(Stored data entries)

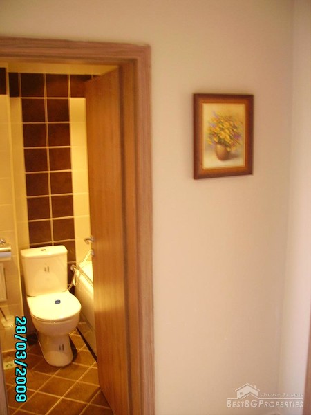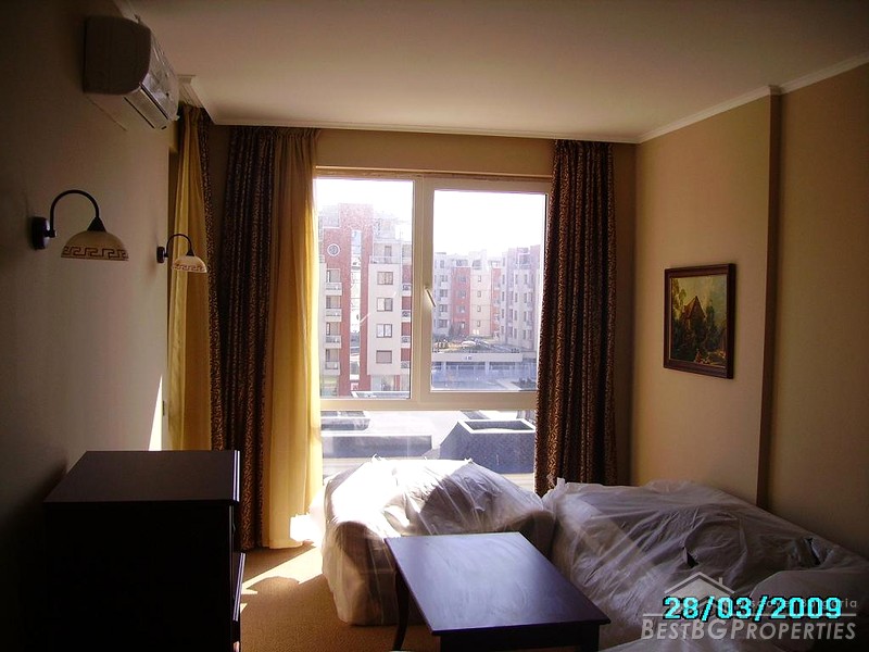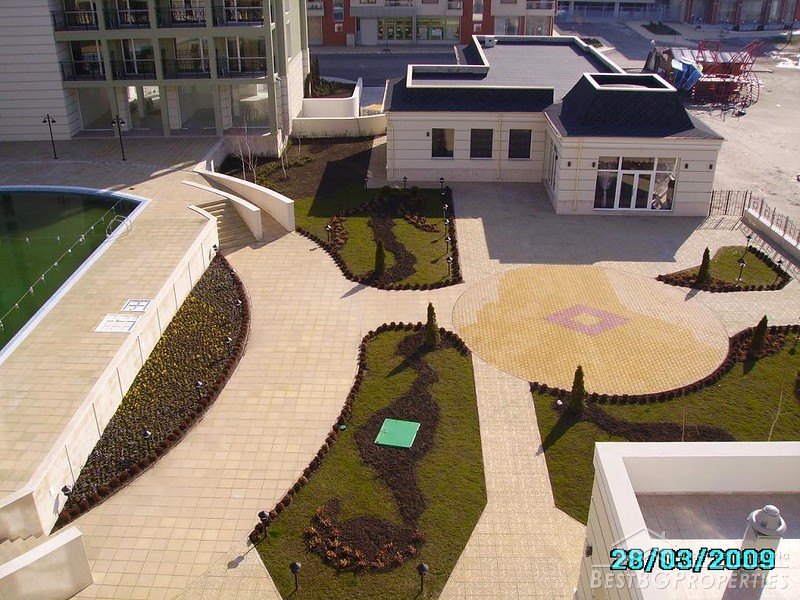 There is a restaurant, bar, several shops, SPA and well equipped fitness center in the complex. For the security of your car the development offers a large semi-underground parking place with separate cells. The cafй and the cocktail bar, designed in the same gorgeous style, add an elegant atmosphere to both your morning coffee and evening cocktail drink. In the classical restaurant you can taste the abundance of dishes from the traditional Bulgarian cuisine. You can give a real treat to your body and soul in the SPA center using the latest developments within natural cosmetics, unique SPA and aroma therapy.
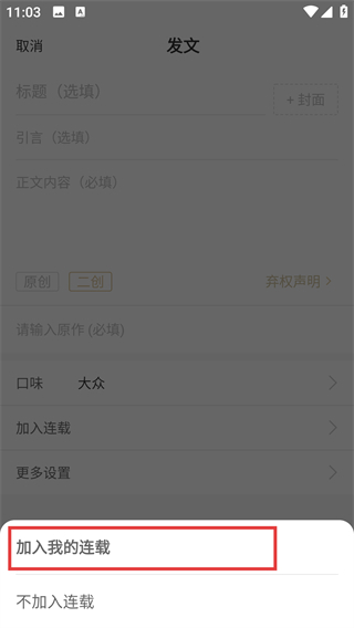 4、在连载弹窗中选择【加入我的连载】选项,就能将当前编辑的内容关联到自己的连载中啦。
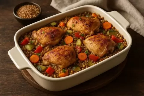Каждый из нас сталкивается с моментами, когда готовить хочется не сильно, но накормить семью любимым блюдом необходимо. Решение в таком случае — запеченная гречка с куриными бёдрышками и овощами. Это блюдо максимально простое в приготовлении, при этом его аромат не оставит равнодушным никого, даже соседей.
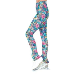 Print lycra legging with elastic waist can be pulled down under the heel or left at ankle height.
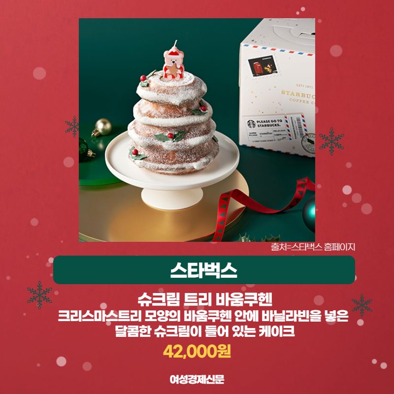 크리스마스트리 모양의 바움쿠헨 안에 바닐라빈을 넣은 달콤한 슈크림이 들어 있는 케이크
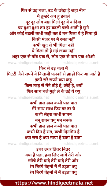 Lyrics of Phir Se Ud Chala - फिर से उड़ चला
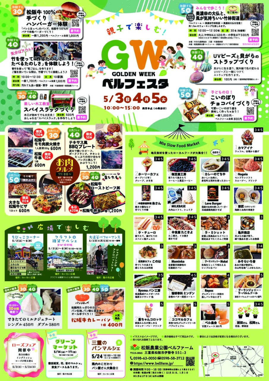 新緑が心地よい季節、ベルファームでは今年も「食」と「体験」が盛りだくさんのゴールデンウィークイベントを開催します! 松阪牛を贅沢に使ったグルメや、親...
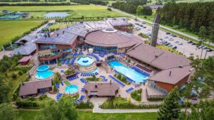 „Atostogų parkas“ – tai didžiausias poilsio ir sveikatinimo kompleksas Vakarų Lietuvoje, kuriame – 16 baseinų ir 7 pirtys Jūsų poilsiui ir sveikatai.Kompleksas įsikūręs Palangos pakraštyje, Žibininkuose. Tai – strategiškai puikioje vietoje esantis gamtos prieglobstis, nuo Baltijos jūros ir Palangos kurorto nutolęs 6 km, nuo uostamiesčio Klaipėdos – 30 km.Komplekse kviečiama mėgautis vandens pramogomis, unikaliomis pirčių programomis, SPA, sveikatinimo ir gydymo procedūromis, apsistoti viešbutyje ar miško apsuptyje esančiose rąstinėse vilose, mėgautis gardžiu restorano maistu, aktyviai leisti laiką padelio ir teniso kortuose.
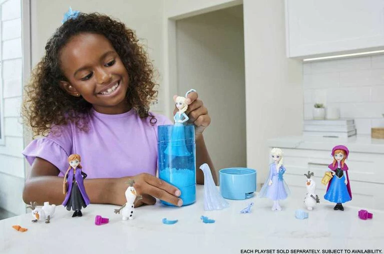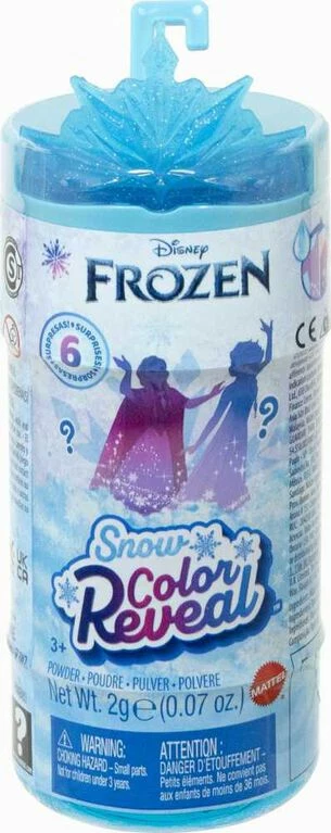 An exciting unboxing experience comes to the Disney Frozen assortment of small dolls! Fans will love these Snow Color Reveal dolls – but which character will they get? Each doll is a mystery until water is added, activating the snow-like compound to reveal the character. Five additional surprises are included for more unboxing fun: a cute character friend and 4 more accessories, including a cape and ring for the child! Each doll sold separately, subject to availability. Dolls cannot stand alone. Colors and decorations may vary.
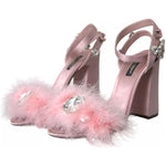 Dolce & Gabbana Pink Turkey Feather Embellished Sandals Shoes
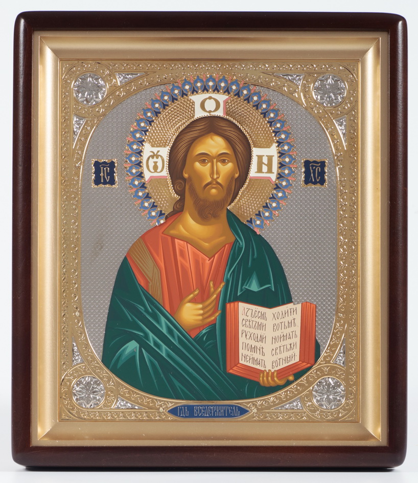 Икона в киоте 24х30 фигурный, темпера, риза объемная, открытая, золочение, эмаль Спаситель

(PROBLEM TO SOLVE): Word for word, copy all the entries above, but with no pictures.

(RESPONSE TO THIS TASK):
 There is a restaurant, bar, several shops, SPA and well equipped fitness center in the complex. For the security of your car the development offers a large semi-underground parking place with separate cells. The cafй and the cocktail bar, designed in the same gorgeous style, add an elegant atmosphere to both your morning coffee and evening cocktail drink. In the classical restaurant you can taste the abundance of dishes from the traditional Bulgarian cuisine. You can give a real treat to your body and soul in the SPA center using the latest developments within natural cosmetics, unique SPA and aroma therapy.
 4、在连载弹窗中选择【加入我的连载】选项,就能将当前编辑的内容关联到自己的连载中啦。
Каждый из нас сталкивается с моментами, когда готовить хочется не сильно, но накормить семью любимым блюдом необходимо. Решение в таком случае — запеченная гречка с куриными бёдрышками и овощами. Это блюдо максимально простое в приготовлении, при этом его аромат не оставит равнодушным никого, даже соседей.
 Print lycra legging with elastic waist can be pulled down under the heel or left at ankle height.
 크리스마스트리 모양의 바움쿠헨 안에 바닐라빈을 넣은 달콤한 슈크림이 들어 있는 케이크
 Lyrics of Phir Se Ud Chala - फिर से उड़ चला
 新緑が心地よい季節、ベルファームでは今年も「食」と「体験」が盛りだくさんのゴールデンウィークイベントを開催します! 松阪牛を贅沢に使ったグルメや、親...
 „Atostogų parkas“ – tai didžiausias poilsio ir sveikatinimo kompleksas Vakarų Lietuvoje, kuriame – 16 baseinų ir 7 pirtys Jūsų poilsiui ir sveikatai.Kompleksas įsikūręs Palangos pakraštyje, Žibininkuose. Tai – strategiškai puikioje vietoje esantis gamtos prieglobstis, nuo Baltijos jūros ir Palangos kurorto nutolęs 6 km, nuo uostamiesčio Klaipėdos – 30 km.Komplekse kviečiama mėgautis vandens pramogomis, unikaliomis pirčių programomis, SPA, sveikatinimo ir gydymo procedūromis, apsistoti viešbutyje ar miško apsuptyje esančiose rąstinėse vilose, mėgautis gardžiu restorano maistu, aktyviai leisti laiką padelio ir teniso kortuose.
 An exciting unboxing experience comes to the Disney Frozen assortment of small dolls! Fans will love these Snow Color Reveal dolls – but which character will they get? Each doll is a mystery until water is added, activating the snow-like compound to reveal the character. Five additional surprises are included for more unboxing fun: a cute character friend and 4 more accessories, including a cape and ring for the child! Each doll sold separately, subject to availability. Dolls cannot stand alone. Colors and decorations may vary.
 Dolce & Gabbana Pink Turkey Feather Embellished Sandals Shoes
 Икона в киоте 24х30 фигурный, темпера, риза объемная, открытая, золочение, эмаль Спаситель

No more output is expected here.